Unreasonable according to you. :) The nice thing about virtual memory is that it...

cyphar · on Oct 10, 2018

Thirdly, the kernel will kill you if your overcommit ratio is too high. I had this argument with the Go folks several years ago (when Docker would crash after starting 1000 containers because the Go runtime had allocated 8GB of virtual memory while only a tens of MB were in use and the kernel freaked out).

You're right that it doesn't cost anything, other than the risk that a process can cripple your machine using its overcommitted memory mapping. And so the kernel has protections against this, which should deter language runtime developers from doing this.

And let's not forget that MADV_DONTNEED is both incorrectly expensive on Linux and ridiculously expensive compared to freeing memory and reallocating it when you need it. Bryan Cantrill ranted about this for a solid half an hour in a podcast a year or two ago.

masklinn · on Oct 10, 2018

So… does that mean the linux kernel will blow a gasket if I mmap actually large files to play with them but have almost no resident memory? That doesn't seem reasonable.

cyphar · on Oct 10, 2018

This is only for anonymous memory, obviously it doesn't affect file-backed memory.

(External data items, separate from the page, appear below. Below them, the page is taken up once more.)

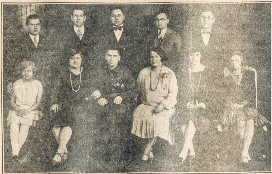
GRUPĖ PHILADELPHIJOS LIETUVIŲ VEIKĖJŲ (FOTOGRAFUOTA 1928 METAIS).

CLEVELAND, Ohio. — 307 kp. susirinkimas bus balandžio 12 dieną, 8 val. vakaro P. šv. Nesiliaujančios Pagalbos par. svet. Visi nariai dalyvaukite.
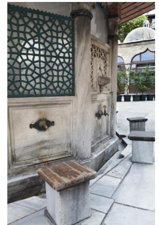
Brunnen vor einer Moschee

Muslime sollen in einem reinen Zustand vor Gott treten. Deswegen sind bestimmte Waschungen vor dem Gebet erforderlich.
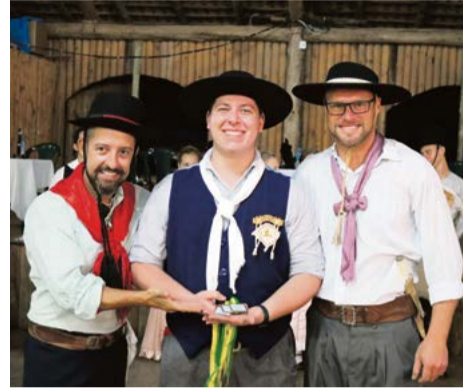
Maravilhenses receberam a premiação do primeiro lugar chula trio veterano
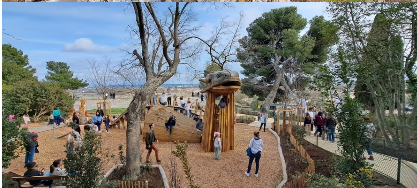
Le drac en bois de 4m de haut avec toboggan et prises d'escalade pour les 6-12 ans
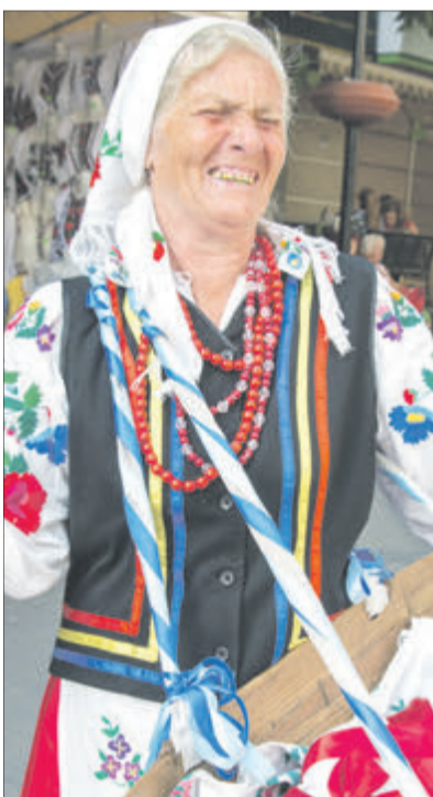
Де ще почуєш такі голоси і побачиш диво-барви та оздобу народного вбрання?

А гурти з Білорусі, Польщі, Словаччини, Словенії та Франції засвідчили: творчість є універсальною мовою. Особливо якщо вона йде від серця з глибини сторіч! ■
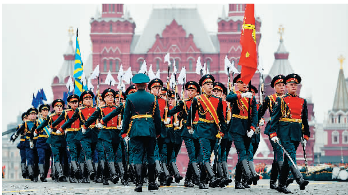
9日,俄罗斯卫国战争胜利74周年阅兵式在莫斯科红场举行。

当地时间9日上午,俄罗斯在莫斯科红场举行阅兵式,以纪念卫国战争胜利74周年,同时对外展示俄罗斯的军事实力。
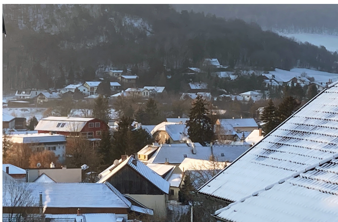
Eine herrliche Winterstimmung mit Blick auf den Buchberg wurde von Familie Hackl aufgenommen.
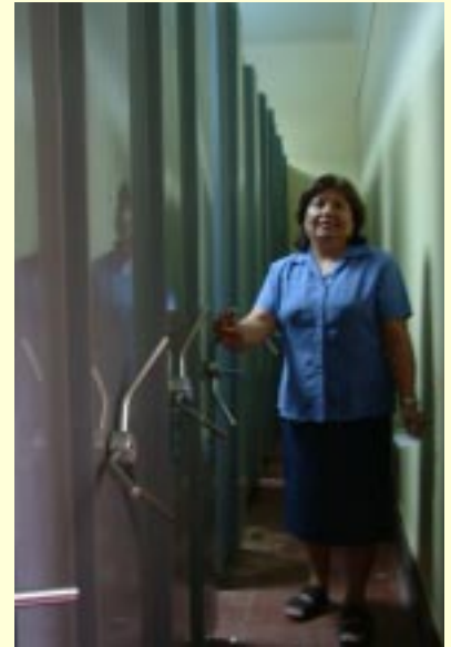
Anaqueles metálicos y móviles
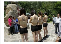
4名女子为公益景区脱衣
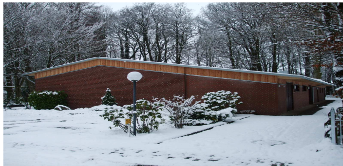
Die neue Kopfbedeckung des DGH macht sich sehr gut

Verbunddorferneuerung : In 2010 durchgeführte Projekte Sanierung des DGH Clüversborstel und überörtliche Pflanzmaßnahmen
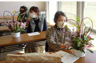
2/14 市民講座 「バレンタイン フラワーアレンジメント」
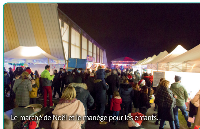
Le marché de Noël et le manège pour les enfants.
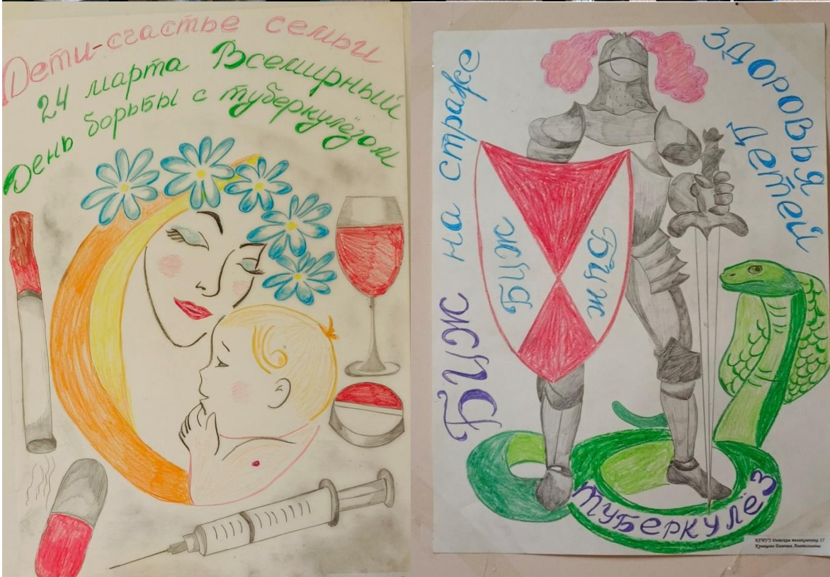
Информация подготовлена кафедрой пропедевтики внутренних болезней с курсом фтизиатрии
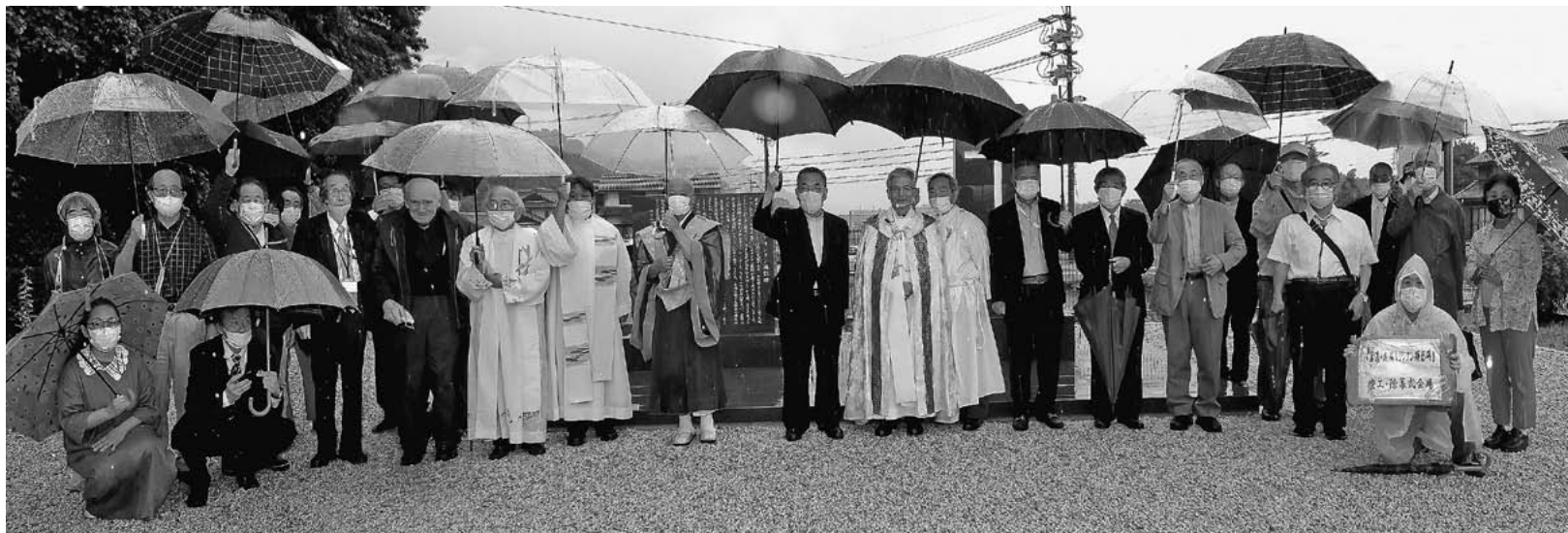
顕彰碑前で記念撮影

参考資料: 「美濃・尾張キリシタン顕彰碑」の所在地は次の通り 所在地 岐阜県可児市塩字宮下22番1 土地面積 660㎡ 問合せ カトリック名古屋教区顕彰委員会 連絡先 ☎052-193512223 e-mail senshiho@nagoya-diocese.jp
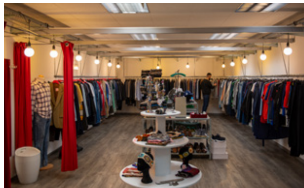
Le Vêt'Shop de la rue Leschot propose, sur deux étages, un large choix de vêtements de qualité pour adultes et enfants, à des prix très accessibles.

L'année a également été marquée par un fort engagement bénévole, avec 863 heures de bénévolat comptabilisées, soit une augmentation de 121 % par rapport à 2023. Ce soutien a permis de maintenir la qualité des prestations, en particulier dans les ateliers de valorisation. Le service a continué à s'appuyer sur des contrats de réinsertion, tout en enregistrant plusieurs retours à l'emploi durable.
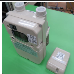
LP ガスメーター、自動通報装置

当社はLP ガスメーター、都市ガスメーター、回転式ガスメーター、バルブなど、広範囲におけるメーター及び流量計などの生産を行なう計量器メーカーです。当社はアズビル金門の中核工場として半世紀以上の歴史を持ち、お客様に安心・安全な計量機器をお届けしています。
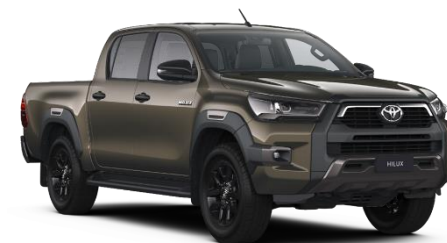
6X1 Oxide Bronze Metallic
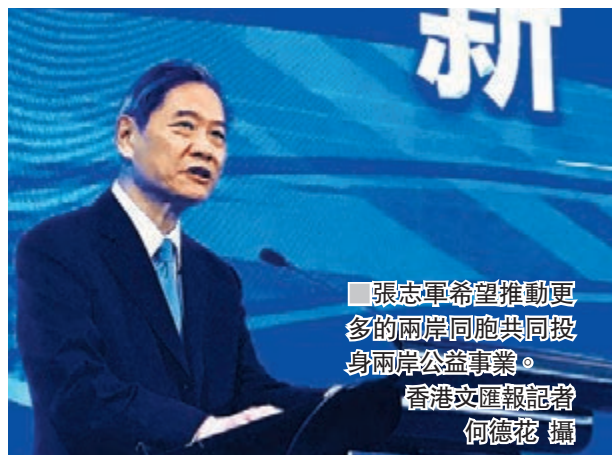
張志軍希望推動更多的兩岸同胞共同投身兩岸公益事業。

香港文匯報訊(記者 敏敏輝 廣州報道)廣州市環保局近日正式公佈穗莞深城軌琶洲支線環評公示資料,表明這一線路即將開工建設。據悉,此城軌支線不僅將城軌引入廣州中心城區,亦將穗莞深佛惠五個珠三角核心城市直接串聯起來。而今後,這種珠三角城市城軌互聯互通建設將進一步加速。目前,廣東已啟動編制《粵港澳大灣區城際鐵路建設規劃(2020-2030)》,推進「環線+放射線」的珠三角城際鐵路網建設,進一步完善環大灣區城際軌道網。
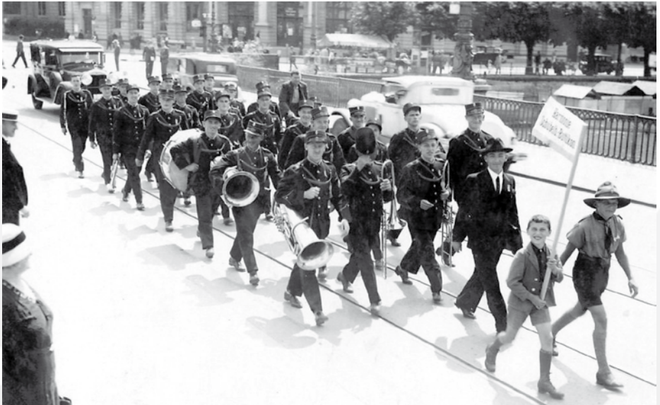
Erfolg am Eidgenössischen in Luzern 1935: „Das Kampfgericht hat dem Musikverein ‚Harmonie Schübelbach-Buttikon‘ der 4. Klasse den 1. Rang mit 92 Punkten [...] zuerkannt.“

amscanne · on Oct 10, 2018

What do you mean by “free” memory? Actually unmap it?

Also, I assume the crippling you’re talking about here is just the ability to rapidly apply memory pressure? Otherwise I’m very confused.

cyphar · on Oct 10, 2018

> What do you mean by “free” memory? Actually unmap it?

Sorry, I didn't phrase it well. MADV_DONTNEED is significantly more expensive than most ways that memory allocators would "free" memory. This includes just zeroing it out in userspace when necessary (so no need for a TLB modification), or simply unmapping it and remapping it when needed.

> Also, I assume the crippling you’re talking about here is just the ability to rapidly apply memory pressure?

Right, and if the memory is overcommitted then you can cause OOM very trivially because you already have more mapped pages than there is physical memory -- writing a byte in each page will cause intense memory pressure. Now, this doesn't mean that it would kernel panic the machine, it just means it would cause issues (OOM would figure out what process is the culprit fairly easily).

This is why vm.overcommit_ratio exists (which is what I was talking about when it comes to killing a machine) -- though I just figured out that not all Linux machines ship with vm.overcommit_memory=2 (which I'm pretty sure is what SUSE and maybe some other distros ship because this is definitely an issue we've had for several years...).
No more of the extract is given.